• Exercise details
All lines in the records below from the line with "Add whimsy to" through the line with "主题班会上,各班辅导员通过播" are to be given again exactly, both ends included; the pictures are to be left out.

━━━ Data supplied ━━━

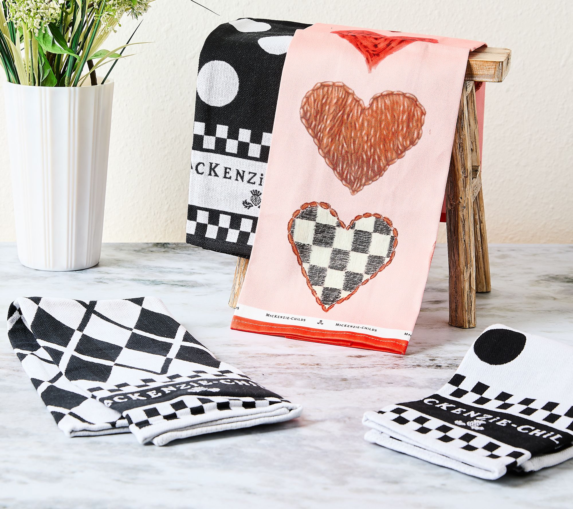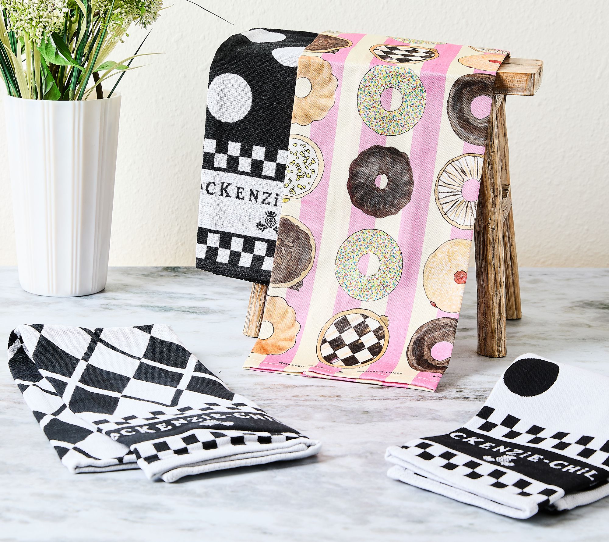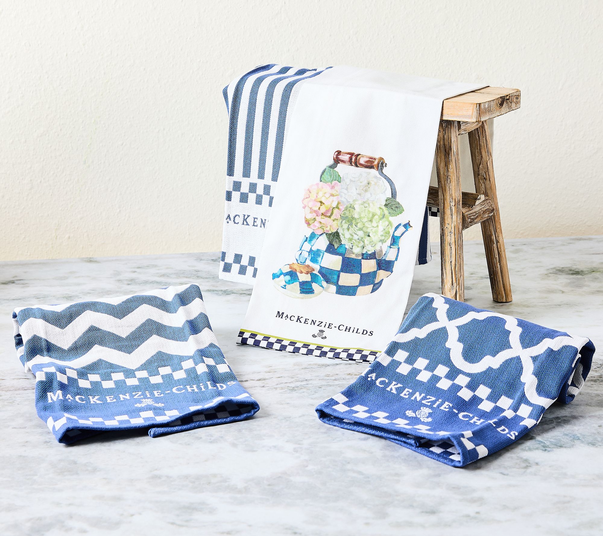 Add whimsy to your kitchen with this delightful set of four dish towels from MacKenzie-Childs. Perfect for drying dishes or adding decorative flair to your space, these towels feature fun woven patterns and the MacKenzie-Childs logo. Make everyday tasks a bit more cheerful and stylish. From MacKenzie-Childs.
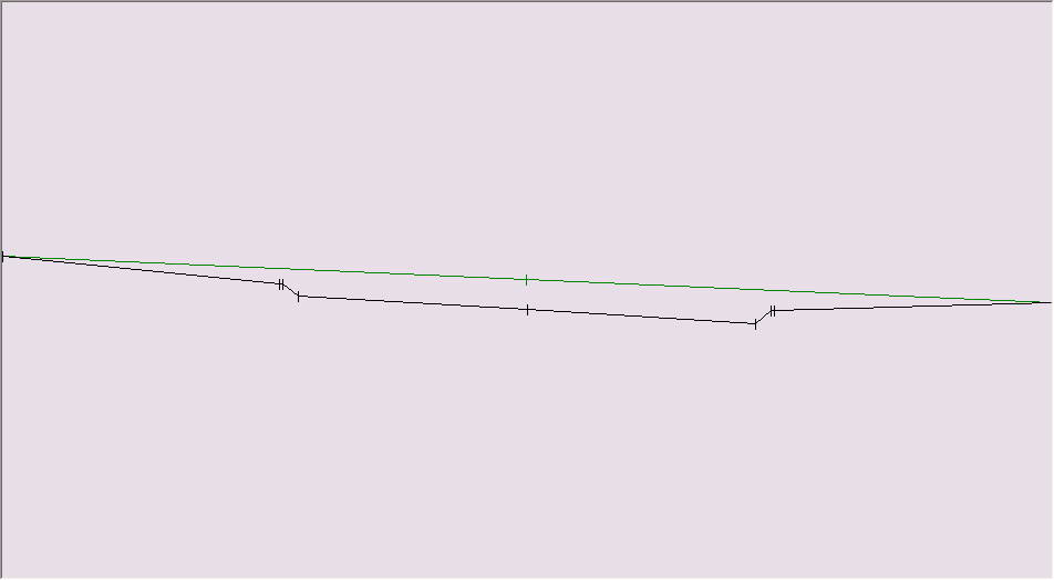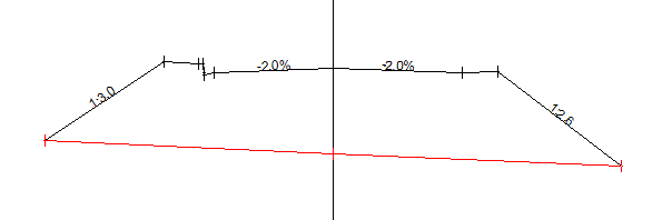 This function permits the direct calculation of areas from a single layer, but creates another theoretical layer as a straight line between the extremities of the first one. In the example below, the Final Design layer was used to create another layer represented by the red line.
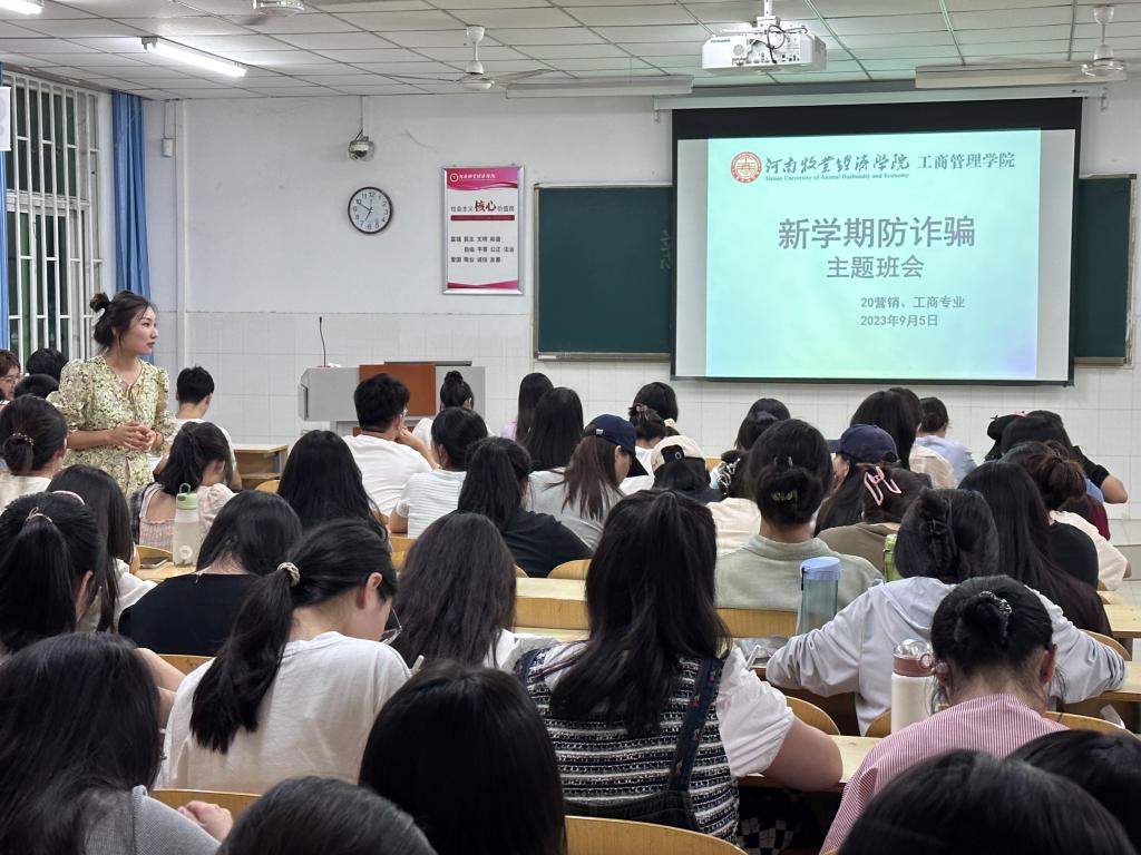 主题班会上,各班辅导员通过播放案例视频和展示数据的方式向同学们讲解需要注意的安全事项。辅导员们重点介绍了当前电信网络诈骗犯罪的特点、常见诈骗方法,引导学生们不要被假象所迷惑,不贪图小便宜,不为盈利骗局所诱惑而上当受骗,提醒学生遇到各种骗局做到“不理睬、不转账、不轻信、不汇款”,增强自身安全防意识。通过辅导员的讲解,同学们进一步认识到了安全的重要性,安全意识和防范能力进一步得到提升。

━━━
━━━ Data supplied ━━━

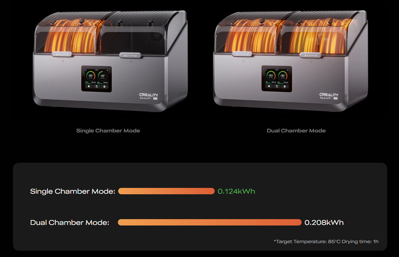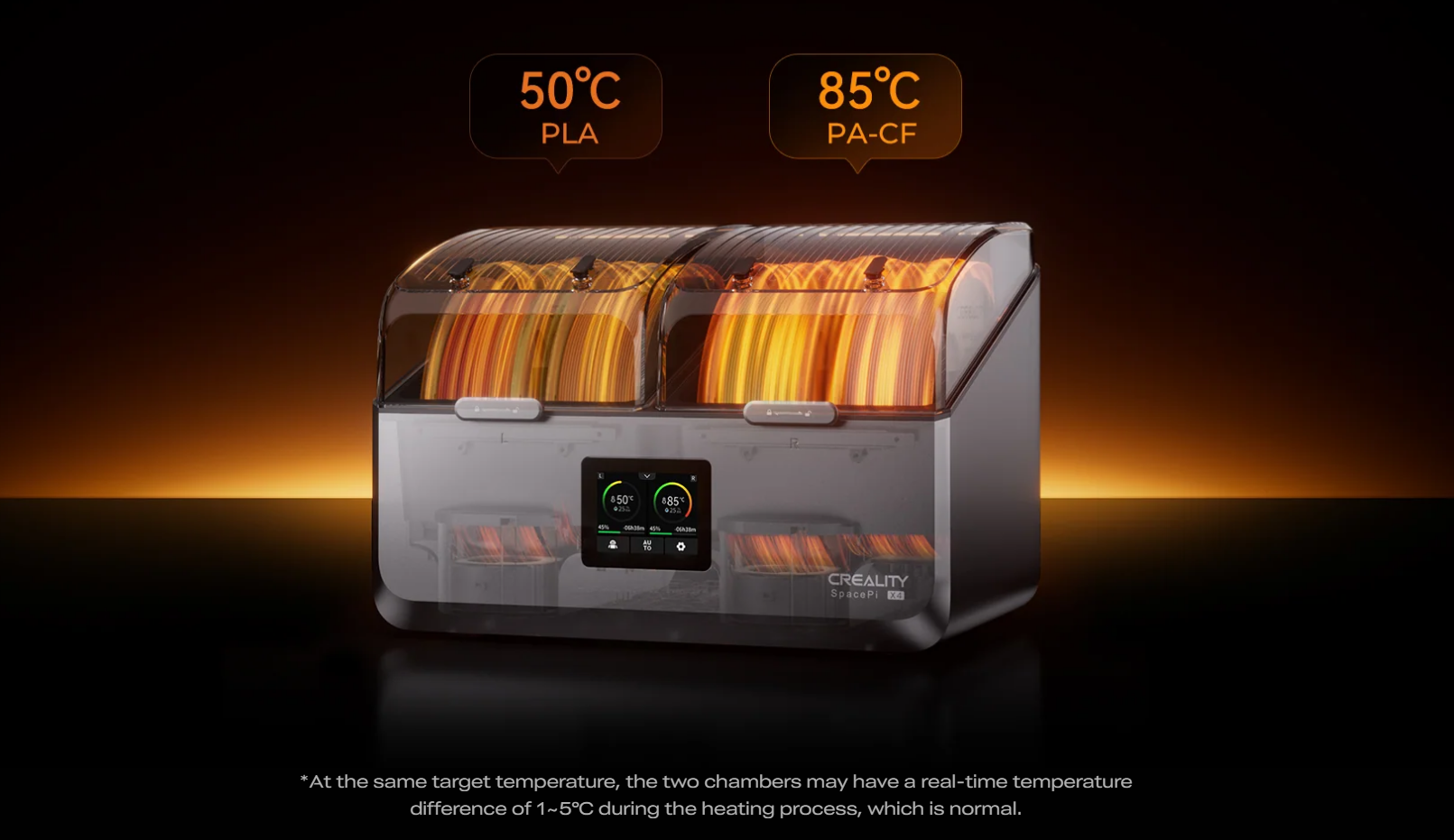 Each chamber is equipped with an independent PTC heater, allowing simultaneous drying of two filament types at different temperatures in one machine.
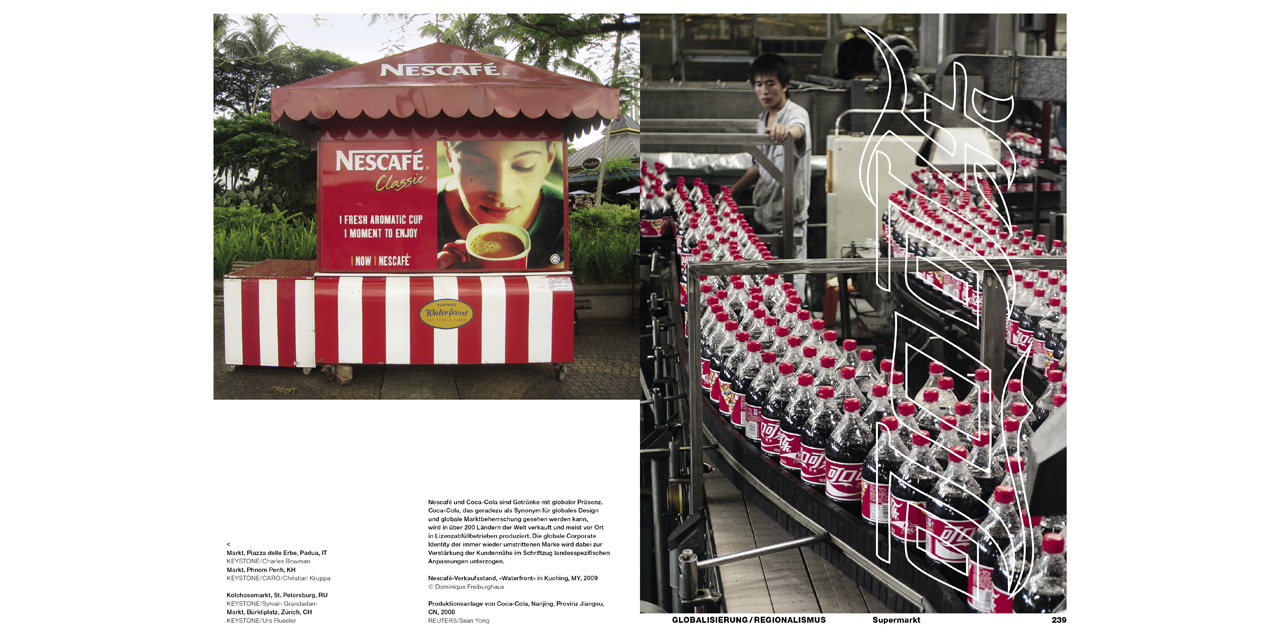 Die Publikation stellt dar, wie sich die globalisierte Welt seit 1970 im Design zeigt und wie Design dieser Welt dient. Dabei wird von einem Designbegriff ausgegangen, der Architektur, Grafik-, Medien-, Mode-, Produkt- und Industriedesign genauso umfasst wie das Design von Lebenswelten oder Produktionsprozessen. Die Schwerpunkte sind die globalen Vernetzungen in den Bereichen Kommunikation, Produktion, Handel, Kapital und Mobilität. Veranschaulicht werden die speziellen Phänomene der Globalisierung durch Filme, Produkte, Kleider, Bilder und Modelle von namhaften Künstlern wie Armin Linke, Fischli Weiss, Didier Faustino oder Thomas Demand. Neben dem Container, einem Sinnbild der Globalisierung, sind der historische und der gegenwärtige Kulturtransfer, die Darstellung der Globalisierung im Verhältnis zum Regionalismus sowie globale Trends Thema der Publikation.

━━━
━━━ Data supplied ━━━

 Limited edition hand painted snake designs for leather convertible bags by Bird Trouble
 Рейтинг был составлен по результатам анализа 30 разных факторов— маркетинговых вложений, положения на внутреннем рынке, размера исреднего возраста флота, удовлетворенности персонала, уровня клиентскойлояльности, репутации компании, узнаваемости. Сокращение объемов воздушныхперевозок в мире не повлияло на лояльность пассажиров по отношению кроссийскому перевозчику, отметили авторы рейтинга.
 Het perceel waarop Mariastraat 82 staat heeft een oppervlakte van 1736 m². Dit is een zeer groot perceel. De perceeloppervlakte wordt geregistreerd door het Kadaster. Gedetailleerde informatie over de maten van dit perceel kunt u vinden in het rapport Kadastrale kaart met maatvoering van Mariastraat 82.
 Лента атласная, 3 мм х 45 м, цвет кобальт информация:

━━━

• Reply
 Add whimsy to your kitchen with this delightful set of four dish towels from MacKenzie-Childs. Perfect for drying dishes or adding decorative flair to your space, these towels feature fun woven patterns and the MacKenzie-Childs logo. Make everyday tasks a bit more cheerful and stylish. From MacKenzie-Childs.
 This function permits the direct calculation of areas from a single layer, but creates another theoretical layer as a straight line between the extremities of the first one. In the example below, the Final Design layer was used to create another layer represented by the red line.
 主题班会上,各班辅导员通过播放案例视频和展示数据的方式向同学们讲解需要注意的安全事项。辅导员们重点介绍了当前电信网络诈骗犯罪的特点、常见诈骗方法,引导学生们不要被假象所迷惑,不贪图小便宜,不为盈利骗局所诱惑而上当受骗,提醒学生遇到各种骗局做到“不理睬、不转账、不轻信、不汇款”,增强自身安全防意识。通过辅导员的讲解,同学们进一步认识到了安全的重要性,安全意识和防范能力进一步得到提升。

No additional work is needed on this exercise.